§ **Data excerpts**
******************************
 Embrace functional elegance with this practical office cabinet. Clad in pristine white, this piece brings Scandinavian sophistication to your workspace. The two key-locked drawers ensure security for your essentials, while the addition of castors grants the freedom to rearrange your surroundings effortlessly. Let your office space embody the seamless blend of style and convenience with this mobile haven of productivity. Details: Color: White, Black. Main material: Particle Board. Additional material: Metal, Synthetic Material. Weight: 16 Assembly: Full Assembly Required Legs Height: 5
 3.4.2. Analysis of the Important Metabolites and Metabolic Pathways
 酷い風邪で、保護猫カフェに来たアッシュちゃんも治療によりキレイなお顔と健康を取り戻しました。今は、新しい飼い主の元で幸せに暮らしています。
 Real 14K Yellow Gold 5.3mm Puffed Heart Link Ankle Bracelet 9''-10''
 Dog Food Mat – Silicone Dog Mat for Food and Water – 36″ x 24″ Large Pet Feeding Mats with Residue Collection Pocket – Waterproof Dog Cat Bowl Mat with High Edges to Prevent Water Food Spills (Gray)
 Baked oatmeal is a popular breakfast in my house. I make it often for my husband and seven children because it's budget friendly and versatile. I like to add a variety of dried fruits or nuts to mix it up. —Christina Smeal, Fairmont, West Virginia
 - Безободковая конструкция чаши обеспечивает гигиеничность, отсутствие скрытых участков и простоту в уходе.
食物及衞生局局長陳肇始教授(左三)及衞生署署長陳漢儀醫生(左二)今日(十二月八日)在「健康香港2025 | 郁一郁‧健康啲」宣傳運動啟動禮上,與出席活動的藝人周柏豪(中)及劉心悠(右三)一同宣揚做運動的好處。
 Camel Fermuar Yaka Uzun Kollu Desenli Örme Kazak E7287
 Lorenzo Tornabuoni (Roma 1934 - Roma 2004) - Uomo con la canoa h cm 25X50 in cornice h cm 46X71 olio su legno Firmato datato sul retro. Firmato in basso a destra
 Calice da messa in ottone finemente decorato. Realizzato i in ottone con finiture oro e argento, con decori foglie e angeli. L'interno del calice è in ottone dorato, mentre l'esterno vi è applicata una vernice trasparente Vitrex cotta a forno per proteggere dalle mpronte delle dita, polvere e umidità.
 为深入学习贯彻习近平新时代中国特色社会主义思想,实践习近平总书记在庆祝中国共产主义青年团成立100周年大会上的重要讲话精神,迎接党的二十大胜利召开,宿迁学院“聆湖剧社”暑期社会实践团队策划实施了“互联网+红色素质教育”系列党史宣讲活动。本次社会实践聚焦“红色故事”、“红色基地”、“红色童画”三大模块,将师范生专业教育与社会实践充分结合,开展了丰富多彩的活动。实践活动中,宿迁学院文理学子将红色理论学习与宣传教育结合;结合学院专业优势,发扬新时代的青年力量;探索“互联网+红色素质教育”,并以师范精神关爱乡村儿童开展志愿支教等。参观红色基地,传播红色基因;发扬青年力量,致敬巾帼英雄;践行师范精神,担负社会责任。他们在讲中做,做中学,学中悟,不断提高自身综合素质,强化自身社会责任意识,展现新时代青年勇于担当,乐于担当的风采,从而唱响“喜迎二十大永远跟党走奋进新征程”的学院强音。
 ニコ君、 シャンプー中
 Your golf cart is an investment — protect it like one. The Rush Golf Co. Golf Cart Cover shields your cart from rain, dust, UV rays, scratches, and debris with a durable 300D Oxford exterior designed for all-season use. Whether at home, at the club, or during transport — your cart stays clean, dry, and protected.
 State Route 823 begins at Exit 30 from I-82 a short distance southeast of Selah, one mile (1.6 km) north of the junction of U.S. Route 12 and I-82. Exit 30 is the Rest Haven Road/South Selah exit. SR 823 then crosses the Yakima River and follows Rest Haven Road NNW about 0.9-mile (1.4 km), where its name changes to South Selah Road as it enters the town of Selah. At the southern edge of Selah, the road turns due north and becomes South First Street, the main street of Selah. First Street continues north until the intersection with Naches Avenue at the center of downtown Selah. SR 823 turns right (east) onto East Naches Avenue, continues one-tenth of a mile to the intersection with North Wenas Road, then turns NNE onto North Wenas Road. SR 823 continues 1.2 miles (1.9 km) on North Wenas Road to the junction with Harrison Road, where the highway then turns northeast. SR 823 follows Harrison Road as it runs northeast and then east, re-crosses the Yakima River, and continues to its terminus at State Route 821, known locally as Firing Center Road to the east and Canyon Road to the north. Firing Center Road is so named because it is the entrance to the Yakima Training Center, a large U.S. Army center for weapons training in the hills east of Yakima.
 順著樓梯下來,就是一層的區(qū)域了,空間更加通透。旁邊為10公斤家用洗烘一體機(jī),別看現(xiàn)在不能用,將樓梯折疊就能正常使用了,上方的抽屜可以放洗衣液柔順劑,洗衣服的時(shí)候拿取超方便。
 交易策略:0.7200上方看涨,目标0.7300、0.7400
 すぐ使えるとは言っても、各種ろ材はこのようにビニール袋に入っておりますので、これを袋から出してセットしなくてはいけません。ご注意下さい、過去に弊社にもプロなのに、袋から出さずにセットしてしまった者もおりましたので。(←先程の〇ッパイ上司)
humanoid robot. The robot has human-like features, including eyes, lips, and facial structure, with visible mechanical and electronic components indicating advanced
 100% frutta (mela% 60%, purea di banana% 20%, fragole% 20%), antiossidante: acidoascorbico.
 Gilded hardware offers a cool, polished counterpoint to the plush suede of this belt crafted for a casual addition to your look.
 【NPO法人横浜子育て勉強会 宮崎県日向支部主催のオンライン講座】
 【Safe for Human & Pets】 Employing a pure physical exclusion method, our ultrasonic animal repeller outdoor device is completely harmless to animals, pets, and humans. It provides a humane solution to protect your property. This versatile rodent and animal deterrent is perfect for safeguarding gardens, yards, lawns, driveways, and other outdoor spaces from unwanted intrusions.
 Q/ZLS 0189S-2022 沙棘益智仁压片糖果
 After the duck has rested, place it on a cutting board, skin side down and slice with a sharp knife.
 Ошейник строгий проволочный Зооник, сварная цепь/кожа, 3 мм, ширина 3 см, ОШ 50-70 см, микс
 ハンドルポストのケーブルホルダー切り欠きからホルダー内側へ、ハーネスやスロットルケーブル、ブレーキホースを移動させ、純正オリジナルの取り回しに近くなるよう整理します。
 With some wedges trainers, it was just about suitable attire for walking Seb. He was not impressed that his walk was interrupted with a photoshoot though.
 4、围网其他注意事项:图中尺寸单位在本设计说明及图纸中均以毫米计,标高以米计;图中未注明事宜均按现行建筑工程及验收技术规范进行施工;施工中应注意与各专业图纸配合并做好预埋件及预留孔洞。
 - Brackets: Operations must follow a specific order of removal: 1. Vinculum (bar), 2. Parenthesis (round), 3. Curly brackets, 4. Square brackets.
******************************
§ **EXERCISE**
The answer must be a word-for-word reproduction of every record above.

§ **SOLUTION FOR THIS PROBLEM**
 Embrace functional elegance with this practical office cabinet. Clad in pristine white, this piece brings Scandinavian sophistication to your workspace. The two key-locked drawers ensure security for your essentials, while the addition of castors grants the freedom to rearrange your surroundings effortlessly. Let your office space embody the seamless blend of style and convenience with this mobile haven of productivity. Details: Color: White, Black. Main material: Particle Board. Additional material: Metal, Synthetic Material. Weight: 16 Assembly: Full Assembly Required Legs Height: 5
 3.4.2. Analysis of the Important Metabolites and Metabolic Pathways
 酷い風邪で、保護猫カフェに来たアッシュちゃんも治療によりキレイなお顔と健康を取り戻しました。今は、新しい飼い主の元で幸せに暮らしています。
 Real 14K Yellow Gold 5.3mm Puffed Heart Link Ankle Bracelet 9''-10''
 Dog Food Mat – Silicone Dog Mat for Food and Water – 36″ x 24″ Large Pet Feeding Mats with Residue Collection Pocket – Waterproof Dog Cat Bowl Mat with High Edges to Prevent Water Food Spills (Gray)
 Baked oatmeal is a popular breakfast in my house. I make it often for my husband and seven children because it's budget friendly and versatile. I like to add a variety of dried fruits or nuts to mix it up. —Christina Smeal, Fairmont, West Virginia
 - Безободковая конструкция чаши обеспечивает гигиеничность, отсутствие скрытых участков и простоту в уходе.
食物及衞生局局長陳肇始教授(左三)及衞生署署長陳漢儀醫生(左二)今日(十二月八日)在「健康香港2025 | 郁一郁‧健康啲」宣傳運動啟動禮上,與出席活動的藝人周柏豪(中)及劉心悠(右三)一同宣揚做運動的好處。
 Camel Fermuar Yaka Uzun Kollu Desenli Örme Kazak E7287
 Lorenzo Tornabuoni (Roma 1934 - Roma 2004) - Uomo con la canoa h cm 25X50 in cornice h cm 46X71 olio su legno Firmato datato sul retro. Firmato in basso a destra
 Calice da messa in ottone finemente decorato. Realizzato i in ottone con finiture oro e argento, con decori foglie e angeli. L'interno del calice è in ottone dorato, mentre l'esterno vi è applicata una vernice trasparente Vitrex cotta a forno per proteggere dalle mpronte delle dita, polvere e umidità.
 为深入学习贯彻习近平新时代中国特色社会主义思想,实践习近平总书记在庆祝中国共产主义青年团成立100周年大会上的重要讲话精神,迎接党的二十大胜利召开,宿迁学院“聆湖剧社”暑期社会实践团队策划实施了“互联网+红色素质教育”系列党史宣讲活动。本次社会实践聚焦“红色故事”、“红色基地”、“红色童画”三大模块,将师范生专业教育与社会实践充分结合,开展了丰富多彩的活动。实践活动中,宿迁学院文理学子将红色理论学习与宣传教育结合;结合学院专业优势,发扬新时代的青年力量;探索“互联网+红色素质教育”,并以师范精神关爱乡村儿童开展志愿支教等。参观红色基地,传播红色基因;发扬青年力量,致敬巾帼英雄;践行师范精神,担负社会责任。他们在讲中做,做中学,学中悟,不断提高自身综合素质,强化自身社会责任意识,展现新时代青年勇于担当,乐于担当的风采,从而唱响“喜迎二十大永远跟党走奋进新征程”的学院强音。
 ニコ君、 シャンプー中
 Your golf cart is an investment — protect it like one. The Rush Golf Co. Golf Cart Cover shields your cart from rain, dust, UV rays, scratches, and debris with a durable 300D Oxford exterior designed for all-season use. Whether at home, at the club, or during transport — your cart stays clean, dry, and protected.
 State Route 823 begins at Exit 30 from I-82 a short distance southeast of Selah, one mile (1.6 km) north of the junction of U.S. Route 12 and I-82. Exit 30 is the Rest Haven Road/South Selah exit. SR 823 then crosses the Yakima River and follows Rest Haven Road NNW about 0.9-mile (1.4 km), where its name changes to South Selah Road as it enters the town of Selah. At the southern edge of Selah, the road turns due north and becomes South First Street, the main street of Selah. First Street continues north until the intersection with Naches Avenue at the center of downtown Selah. SR 823 turns right (east) onto East Naches Avenue, continues one-tenth of a mile to the intersection with North Wenas Road, then turns NNE onto North Wenas Road. SR 823 continues 1.2 miles (1.9 km) on North Wenas Road to the junction with Harrison Road, where the highway then turns northeast. SR 823 follows Harrison Road as it runs northeast and then east, re-crosses the Yakima River, and continues to its terminus at State Route 821, known locally as Firing Center Road to the east and Canyon Road to the north. Firing Center Road is so named because it is the entrance to the Yakima Training Center, a large U.S. Army center for weapons training in the hills east of Yakima.
 順著樓梯下來,就是一層的區(qū)域了,空間更加通透。旁邊為10公斤家用洗烘一體機(jī),別看現(xiàn)在不能用,將樓梯折疊就能正常使用了,上方的抽屜可以放洗衣液柔順劑,洗衣服的時(shí)候拿取超方便。
 交易策略:0.7200上方看涨,目标0.7300、0.7400
 すぐ使えるとは言っても、各種ろ材はこのようにビニール袋に入っておりますので、これを袋から出してセットしなくてはいけません。ご注意下さい、過去に弊社にもプロなのに、袋から出さずにセットしてしまった者もおりましたので。(←先程の〇ッパイ上司)
humanoid robot. The robot has human-like features, including eyes, lips, and facial structure, with visible mechanical and electronic components indicating advanced
 100% frutta (mela% 60%, purea di banana% 20%, fragole% 20%), antiossidante: acidoascorbico.
 Gilded hardware offers a cool, polished counterpoint to the plush suede of this belt crafted for a casual addition to your look.
 【NPO法人横浜子育て勉強会 宮崎県日向支部主催のオンライン講座】
 【Safe for Human & Pets】 Employing a pure physical exclusion method, our ultrasonic animal repeller outdoor device is completely harmless to animals, pets, and humans. It provides a humane solution to protect your property. This versatile rodent and animal deterrent is perfect for safeguarding gardens, yards, lawns, driveways, and other outdoor spaces from unwanted intrusions.
 Q/ZLS 0189S-2022 沙棘益智仁压片糖果
 After the duck has rested, place it on a cutting board, skin side down and slice with a sharp knife.
 Ошейник строгий проволочный Зооник, сварная цепь/кожа, 3 мм, ширина 3 см, ОШ 50-70 см, микс
 ハンドルポストのケーブルホルダー切り欠きからホルダー内側へ、ハーネスやスロットルケーブル、ブレーキホースを移動させ、純正オリジナルの取り回しに近くなるよう整理します。
 With some wedges trainers, it was just about suitable attire for walking Seb. He was not impressed that his walk was interrupted with a photoshoot though.
 4、围网其他注意事项:图中尺寸单位在本设计说明及图纸中均以毫米计,标高以米计;图中未注明事宜均按现行建筑工程及验收技术规范进行施工;施工中应注意与各专业图纸配合并做好预埋件及预留孔洞。
 - Brackets: Operations must follow a specific order of removal: 1. Vinculum (bar), 2. Parenthesis (round), 3. Curly brackets, 4. Square brackets.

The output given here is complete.